=== Assignment ===
After finding the line that holds "本次水下时装秀,利用多个机位" below, set down that line and the rest through the final one exactly, leaving the pictures out.

=== Available data ===
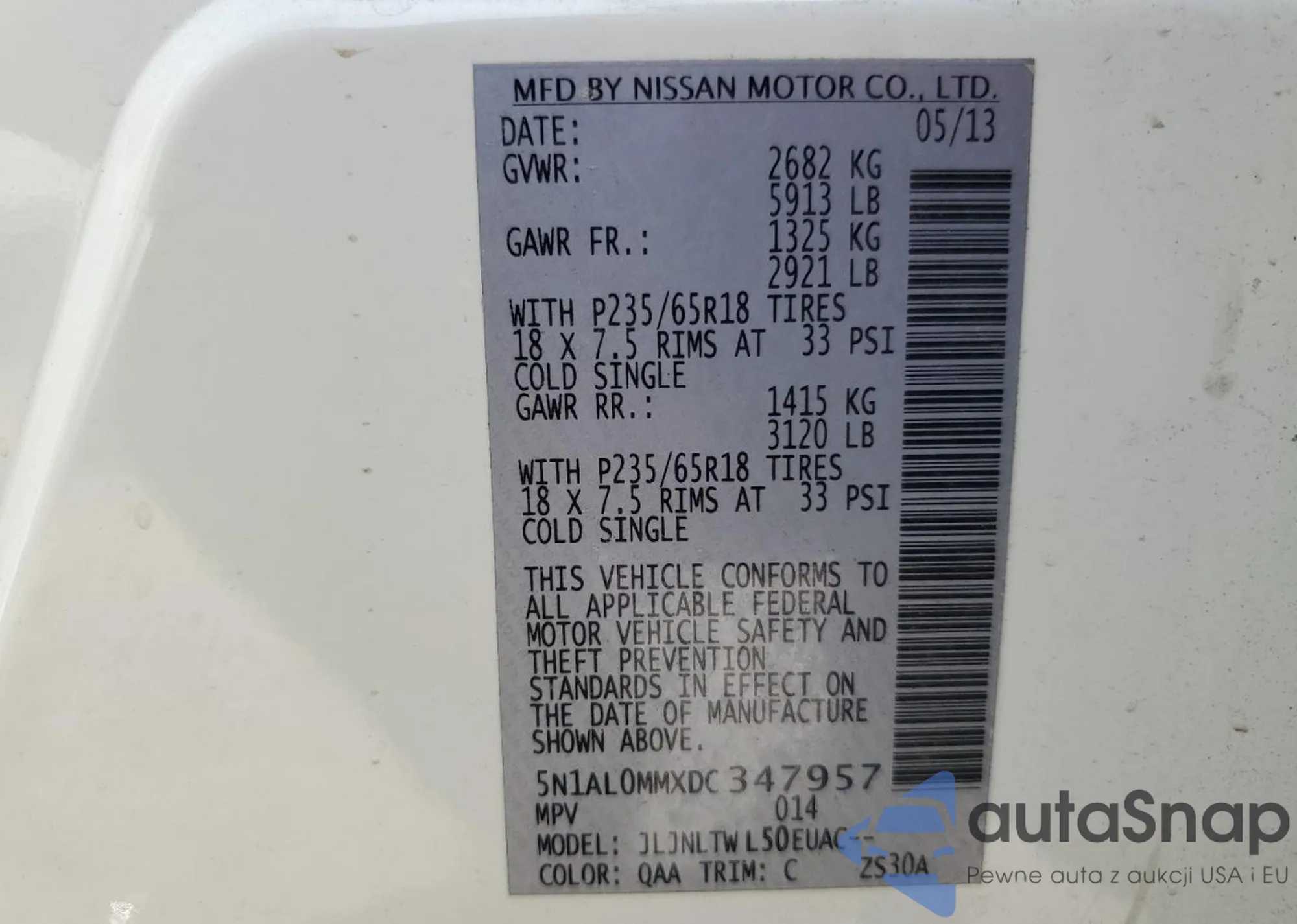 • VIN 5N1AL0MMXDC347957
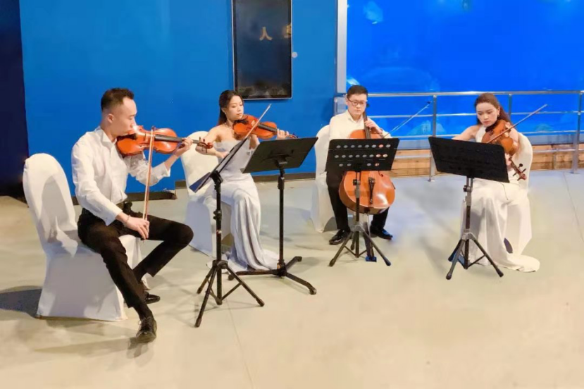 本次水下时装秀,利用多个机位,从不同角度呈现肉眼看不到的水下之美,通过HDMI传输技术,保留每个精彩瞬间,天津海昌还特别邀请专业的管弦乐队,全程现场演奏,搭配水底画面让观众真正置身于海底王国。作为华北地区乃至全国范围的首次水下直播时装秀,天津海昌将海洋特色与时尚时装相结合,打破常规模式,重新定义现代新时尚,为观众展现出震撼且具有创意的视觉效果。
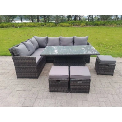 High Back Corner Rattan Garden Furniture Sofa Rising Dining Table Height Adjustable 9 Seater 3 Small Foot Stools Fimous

=== Exercise result ===
 本次水下时装秀,利用多个机位,从不同角度呈现肉眼看不到的水下之美,通过HDMI传输技术,保留每个精彩瞬间,天津海昌还特别邀请专业的管弦乐队,全程现场演奏,搭配水底画面让观众真正置身于海底王国。作为华北地区乃至全国范围的首次水下直播时装秀,天津海昌将海洋特色与时尚时装相结合,打破常规模式,重新定义现代新时尚,为观众展现出震撼且具有创意的视觉效果。
 High Back Corner Rattan Garden Furniture Sofa Rising Dining Table Height Adjustable 9 Seater 3 Small Foot Stools Fimous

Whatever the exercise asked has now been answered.